Loading a graph into Nodey

You’ve successfully built your first Nodey graph! If you missed any steps—or if you’d like to see all of the nodes laid out together—you can download a JSON file of the completed graph here.

After downloading the file to your machine, open a blank Nodey interface and either drag the JSON file directly into the graph, or use the navigation bar at the top of the interface: click Load Graph (located between Run Graph and Save Graph) and select the downloaded file.

If you load the JSON into an existing Nodey graph, the contents of the file will be added to your current graph rather than replacing it.

Nodey formatting and options

You can select multiple nodes in Nodey in a few different ways. To select a group of nodes, hold Shift, then left-click and drag to draw a blue selection box around the nodes you want to include. Any nodes inside the box will be selected.

Alternatively, you can select individual nodes by holding Shift and clicking on each node you want to add to the selection.

Once you have nodes selected, you can group and label them by pressing G on your keyboard. Grouping nodes helps keep your workflow organized, especially when working with multiple node chains within a single graph.

You can also rename nodes by double-clicking the node’s name. The name will become an editable text field, allowing you to delete the default name and replace it with something more specific to your workflow.

If you’re ever unsure what a node does, hover your mouse over it to display a tooltip describing the node’s purpose and the inputs it accepts.

Hover your cursor over a node to see its tooltip

You can disable or enable nodes by right-clicking on a node. A menu will appear that allows you to select Disable (or Enable if the node is already disabled). This is useful if you want to preserve your workflow while testing how it behaves without a specific node—for example, temporarily disabling the Gemini Pro 3.0 Text node.

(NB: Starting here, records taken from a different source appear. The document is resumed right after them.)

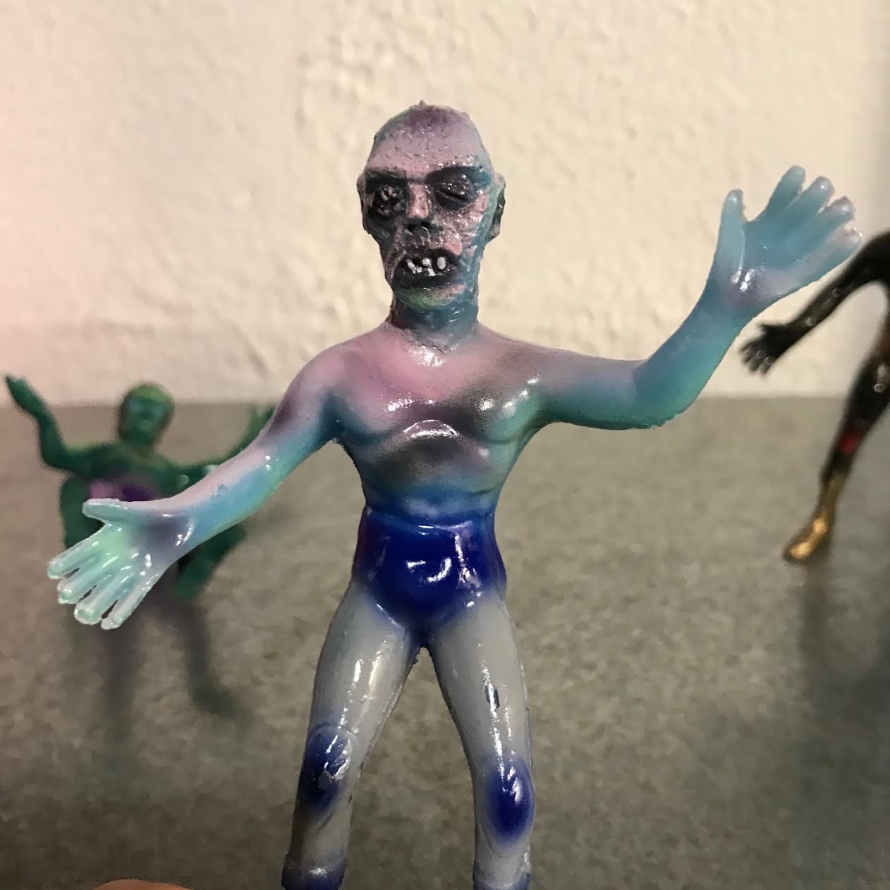 Watch out pencil neck geeks! Astro Zombie, Frankenstein, and the Fulci zombie are ready to rumble. Figures stand around 4.5" tall and are solid cast resin full painted and sealed with a gloss clear coat. This is the first wave in an ongoing series
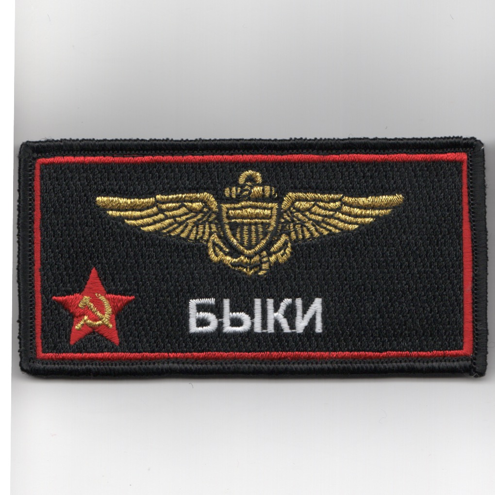(Another AV8RSTUFF Creation): This is the ‘RED AIR’ version of the nametag that says GGIKN (which is Cyrillic for BULLS) for the pilots of VFA-37. This patch already has velcro attached.
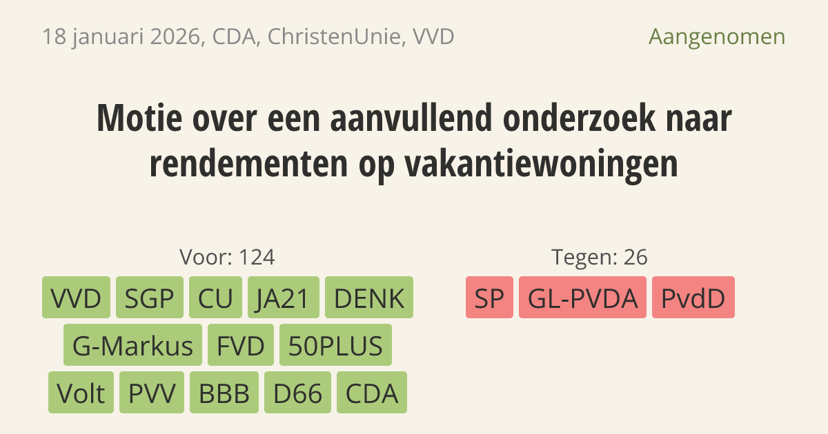 De regering moet extra onderzoek laten doen naar de belasting op vakantiewoningen. Er moet worden gekeken naar de opbrengst en de juridische houdbaarheid van deze belasting. Voor vakantiewoningen spelen speciale zaken mee, zoals het seizoen. Een juiste berekening is nodig om het recht op eigendom te beschermen.
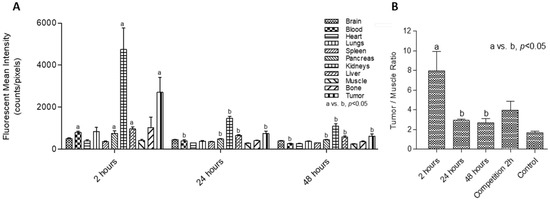 (A) Biodistribution assay: mean fluorescence intensity quantified per organ per group at each timepoint. Different letters (a,b) indicate significant differences (p < 0.05) between fluorescence in the same organ at 2 h versus 24 and 48 h. (B) Tumor/muscle ratio per group. Different letters (a,b) indicate significant differences (p < 0.05) between ratios at 2 h versus 24 and 48 h.
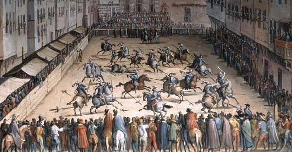 사람들은 당시 열린 조스트라{Giostra(마상 창 시합)}에서 그들이 원하는 두 스토리가 모두 담긴 드라마 한 편을 목격하게 되죠.
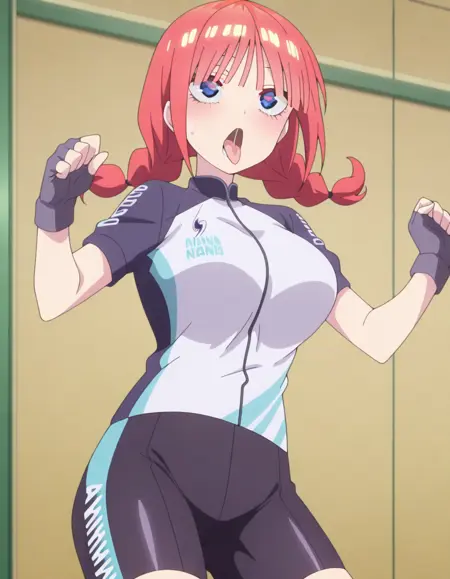 lora:cycling-uniform-illustriousxl-lora-nochekaiser:1, cycling uniform, bike jersey, bike shorts, biker clothes, fingerless gloves, gloves, short sleeves, cleavage
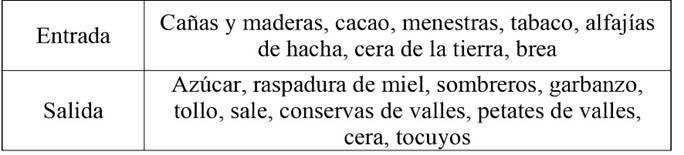 Gracias al Libro de Guías de 1788, Schlüpmann (1993) construyó un mapa con el destino y la procedencia de los cargamentos en Paita, en el que se evidencia cómo Guayaquil fue el tercer puerto con el que el puerto piurano estableció relaciones tanto de entrada como de salida de embarcaciones (404 y 166) después de Panamá (405 y 457) y el Callao (410 y 358). Los productos más comercializados entre Paita y Guayaquil se indican en la Tabla 1.
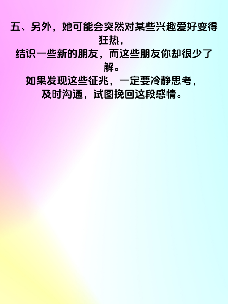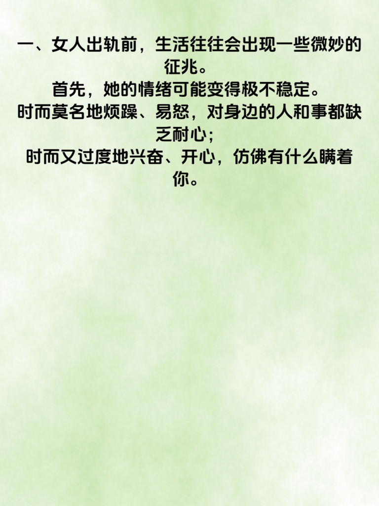 一、女人出轨前,生活往往会出现一些微妙的征兆。首先,她的情绪可能变得极不稳定。时而莫名地烦躁、易怒,对身边的人和事都缺乏耐心;时而又过度地兴奋、开心,仿佛有什么瞒着你。 二、她的日常行为也会有所改变。比如,开始频繁地打扮自己,对穿着和妆容格外上心,出门的次数明显增多,而且常常找各种借口晚归。 三、在与你的交流上,也会出现变化。她可能不再像以前那样主动分享自己的生活,对你的事情也变得漠不关心,甚至开始回避一些亲密的话题和互动。 四、再者,她对手机的态度会变得很谨慎。总是机不离身,接电话或回信息时会刻意避开你,聊天记录也可能经常被她删除。 五、另外,她可能会突然对某些兴趣爱好变得狂热,结识一些新的朋友,而这些朋友你却很少了解。如果发现这些征兆,一定要冷静思考,及时沟通,试图挽回这段感情。
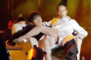 中新网11月1日电 据《新明日报》报道,近日莫文蔚性感亮相上海虹口足球场开个人演唱会。演唱会上,莫文蔚大胆挑逗周杰伦,竟然坐上了周董的大腿。而其男友冯德伦却摇萤光棒疯狂叫好。
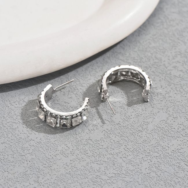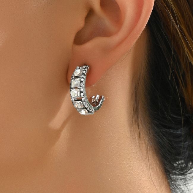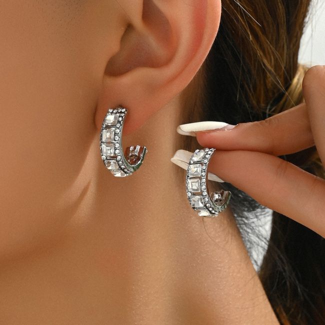 Geometric U-Shaped Stud Earrings with Cubic Zirconia Accents
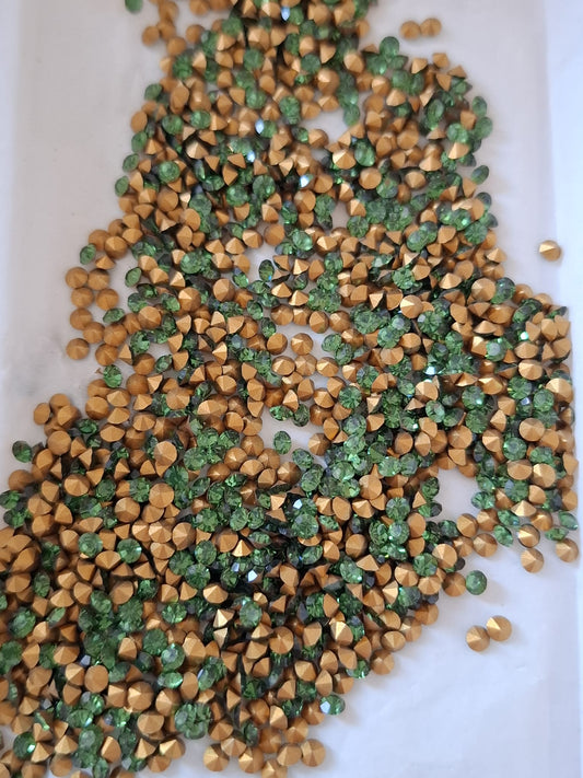 Swarovski® Chaton Vintage Green Turmaline Gold Foiled PP24

You can similarly enable or disable individual connections by right-clicking on the connection line between nodes.

Enabling and disabling nodes/connections and inserting nodes

There is a fourth way to load an image into your graph, but it is only available once you have a Save Image node. If you click and drag the generated image from the Save Image node into an empty area of your Nodey graph, a Load Image node will automatically be created at the drop location, with the generated image already preloaded.

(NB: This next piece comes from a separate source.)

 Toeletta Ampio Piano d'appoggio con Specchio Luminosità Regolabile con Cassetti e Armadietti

Inference Frame Creation Part 2

Now that you have a better understanding of how to use Nodey to create an inference frame, try building one on your own. Below is the reference image you should aim to recreate:

Black_Cat_w_BG (1).png — *Final AI generated image*

Black_Cat (1).png — *Character reference*

Download the previs, environment reference, and character reference images, and practice recreating the image above using the methods discussed in this tutorial.